**Data extract**
────────────────
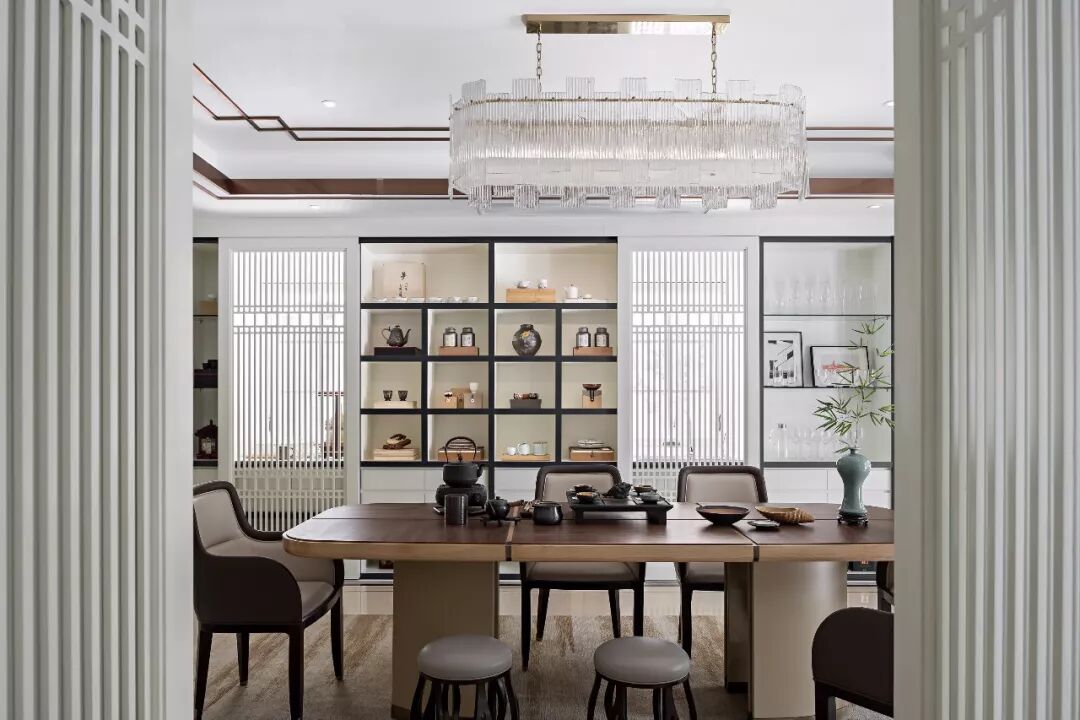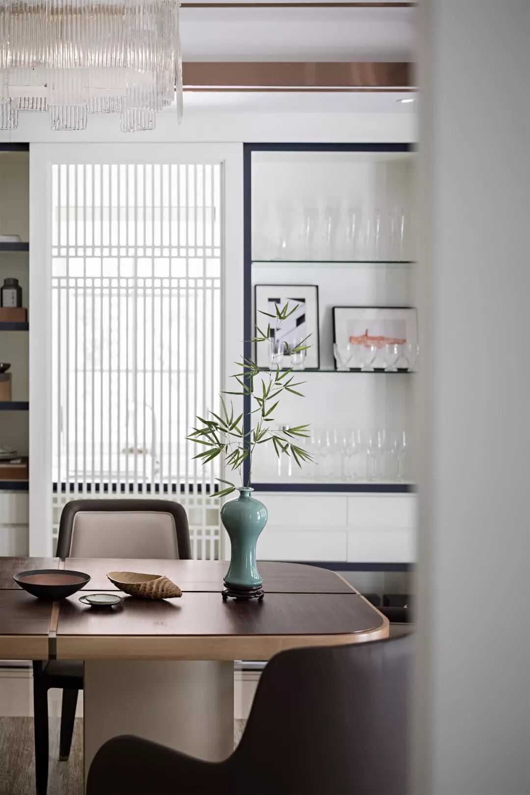 与此相连的是延续同样元素的中餐厅,光线充沛的落地窗前,一切遵循传统中式风格的圆形布置,营造了一家人一团和气的温馨用餐场景。
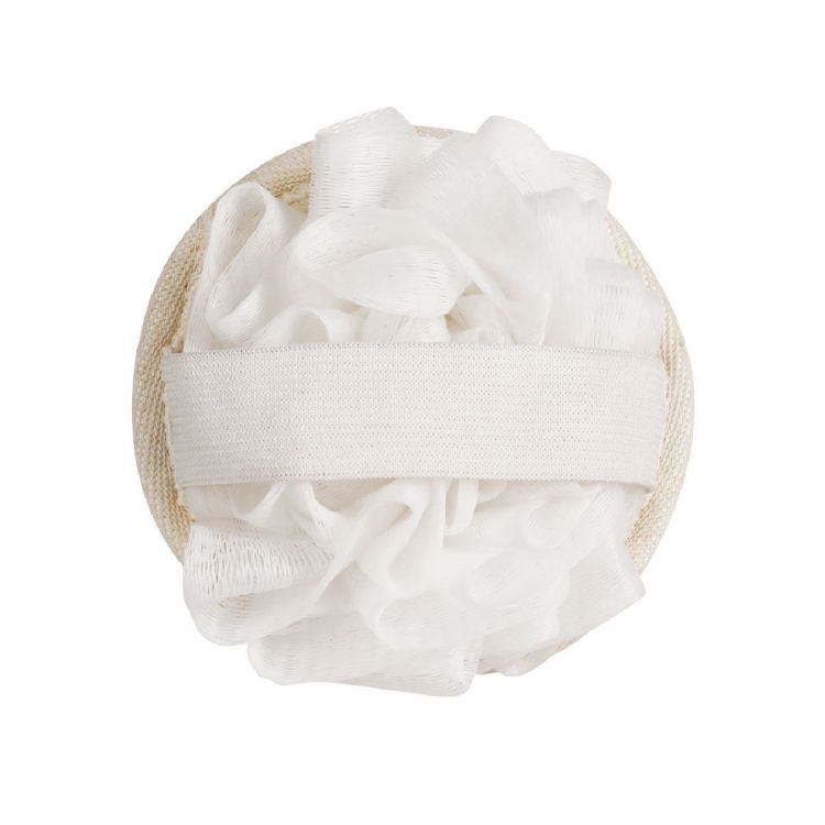 Éponge exfoliante 2-en-1 en fibre de PE. D’un côté, éponge douce, de l’autre côté, éponge exfoliante avec sangle ajustable pour la paume de la main. (couleur naturel)
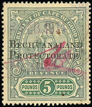 revenue; 1913 on Cape Hope Standing, £5 green and green cancelled by 1914 oval datestamp in violet and red ink mark; two tiny surface blemishes, otherwise sound. Scarce. Barefoot. 28, £250
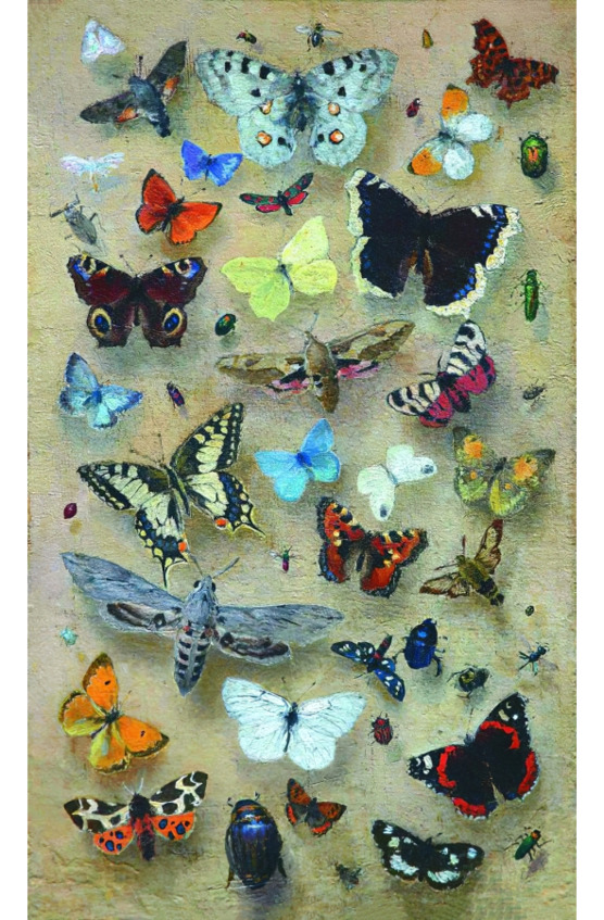 Vasily Polenov’s «Butterfly Collection» (1874). This is a still life depicting butterflies laid out in a display case, among which you can see Parnassius apollo (Linnaeus, 1758), one of the most famous butterflies of the Parnassius genus.
────────────────
Leave out the pictures and repeat exactly the lines from the start of the material through the line that contains "Éponge exfoliante 2-en-1", both included.

 与此相连的是延续同样元素的中餐厅,光线充沛的落地窗前,一切遵循传统中式风格的圆形布置,营造了一家人一团和气的温馨用餐场景。
 Éponge exfoliante 2-en-1 en fibre de PE. D’un côté, éponge douce, de l’autre côté, éponge exfoliante avec sangle ajustable pour la paume de la main. (couleur naturel)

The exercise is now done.